WHAT YOU NEED TO DO » Of the material below, only the lines from the line containing "СБУ скасувала судді" down to the line containing "Володимир Кравчук, суддя" belong in the answer, written out exactly.

MATERIAL PROVIDED »
-=-=-

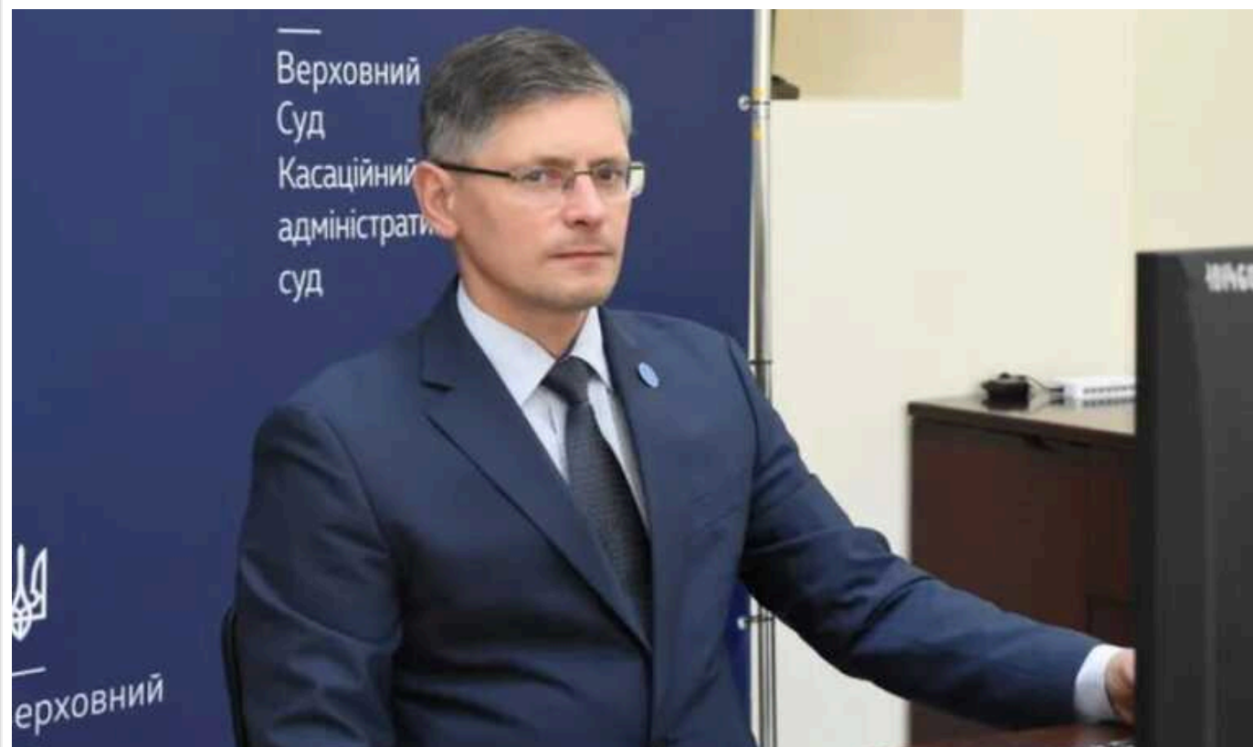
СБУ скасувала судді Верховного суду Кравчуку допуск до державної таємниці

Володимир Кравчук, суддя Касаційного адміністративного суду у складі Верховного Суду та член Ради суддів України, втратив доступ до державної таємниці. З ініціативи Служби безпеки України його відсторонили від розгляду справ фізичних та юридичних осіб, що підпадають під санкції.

-=-=-

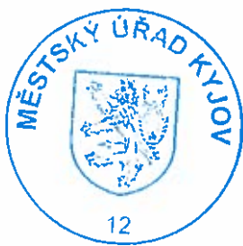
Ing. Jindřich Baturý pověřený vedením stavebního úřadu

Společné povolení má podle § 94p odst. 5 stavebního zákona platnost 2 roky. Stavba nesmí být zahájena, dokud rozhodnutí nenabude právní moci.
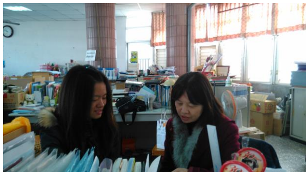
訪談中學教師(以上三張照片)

-=-=-

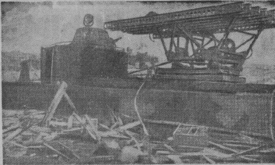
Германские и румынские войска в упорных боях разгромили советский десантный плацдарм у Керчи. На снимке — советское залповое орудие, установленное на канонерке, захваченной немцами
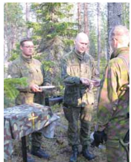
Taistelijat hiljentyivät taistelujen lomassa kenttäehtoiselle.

-=-=-

ANSWER BELOW »
СБУ скасувала судді Верховного суду Кравчуку допуск до державної таємниці

Володимир Кравчук, суддя Касаційного адміністративного суду у складі Верховного Суду та член Ради суддів України, втратив доступ до державної таємниці. З ініціативи Служби безпеки України його відсторонили від розгляду справ фізичних та юридичних осіб, що підпадають під санкції.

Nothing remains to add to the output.